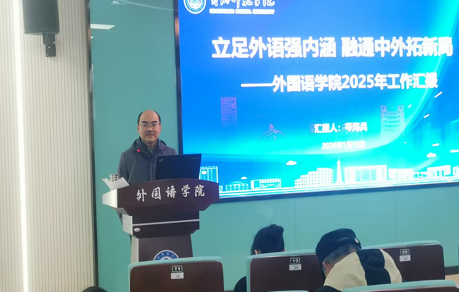 院长岑海兵作题为《立足外语强内涵 融通中外拓新局》的工作报告,总结回顾2025年学院重点工作的完成情况,在深刻分析当前工作形势的基础上厘清了新一年工作的总体思路,擘画发展新蓝图,并统筹谋划学院2026年的工作。他通报了学院2025年终考核结果,从“强基固本,师资队伍迸发活力”“深耕课堂,专业建设提质进位”“凝炼特色,学科生态持续优化”“创新驱动,科研服务双向赋能”“融通中外,国际合作拓宽视野”“协同育人,中外硕士同育提质”“立德树人,学生素养全面提升”等七方面分析了学院的办学实绩。征程万里风正劲,重任千钧再出发!他希望,学院全体师生携手奋进,以实干笃行书写个人和学院高质量发展新篇章。
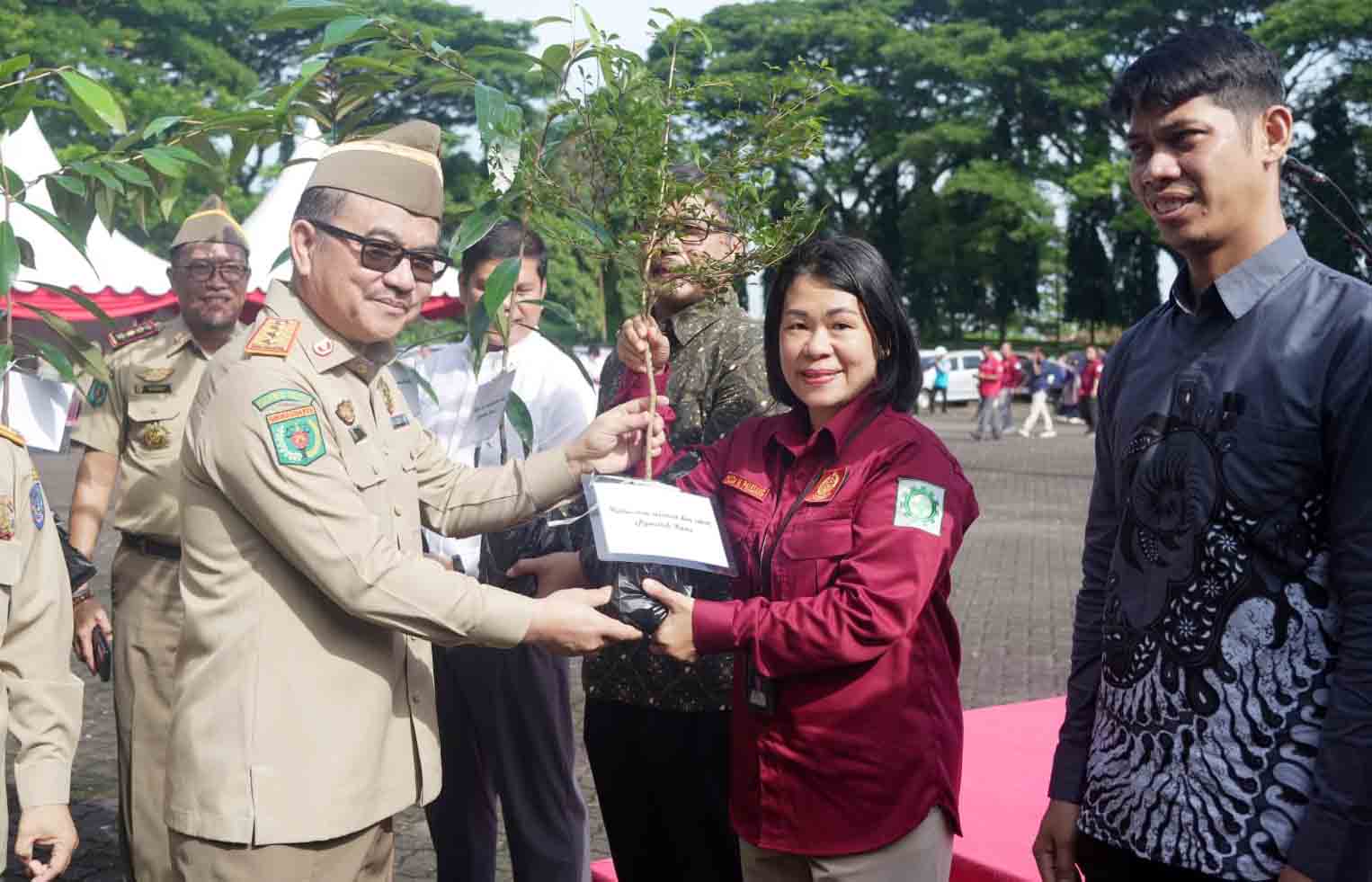 Panitia menutup upacara dengan menyerahkan bibit pohon kepada perwakilan instansi dan perusahaan. Kegiatan ini menjadi simbol komitmen terhadap keselamatan lingkungan dan keberlanjutan.
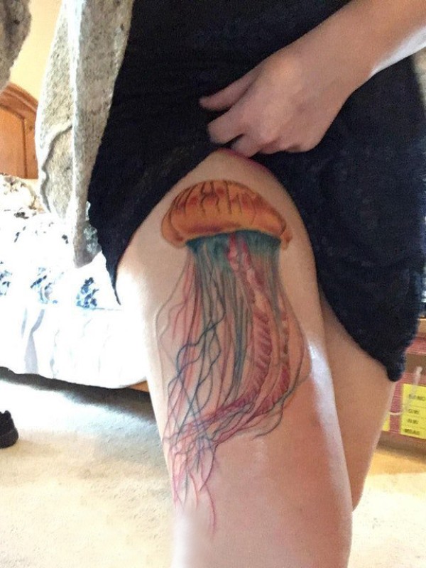 水母纹身图案 女生大腿上彩色的水母纹身图片
========================================
Keep the pictures out and transcribe the listing exactly.

§ THE COMPLETED TASK:
 院长岑海兵作题为《立足外语强内涵 融通中外拓新局》的工作报告,总结回顾2025年学院重点工作的完成情况,在深刻分析当前工作形势的基础上厘清了新一年工作的总体思路,擘画发展新蓝图,并统筹谋划学院2026年的工作。他通报了学院2025年终考核结果,从“强基固本,师资队伍迸发活力”“深耕课堂,专业建设提质进位”“凝炼特色,学科生态持续优化”“创新驱动,科研服务双向赋能”“融通中外,国际合作拓宽视野”“协同育人,中外硕士同育提质”“立德树人,学生素养全面提升”等七方面分析了学院的办学实绩。征程万里风正劲,重任千钧再出发!他希望,学院全体师生携手奋进,以实干笃行书写个人和学院高质量发展新篇章。
 Panitia menutup upacara dengan menyerahkan bibit pohon kepada perwakilan instansi dan perusahaan. Kegiatan ini menjadi simbol komitmen terhadap keselamatan lingkungan dan keberlanjutan.
 水母纹身图案 女生大腿上彩色的水母纹身图片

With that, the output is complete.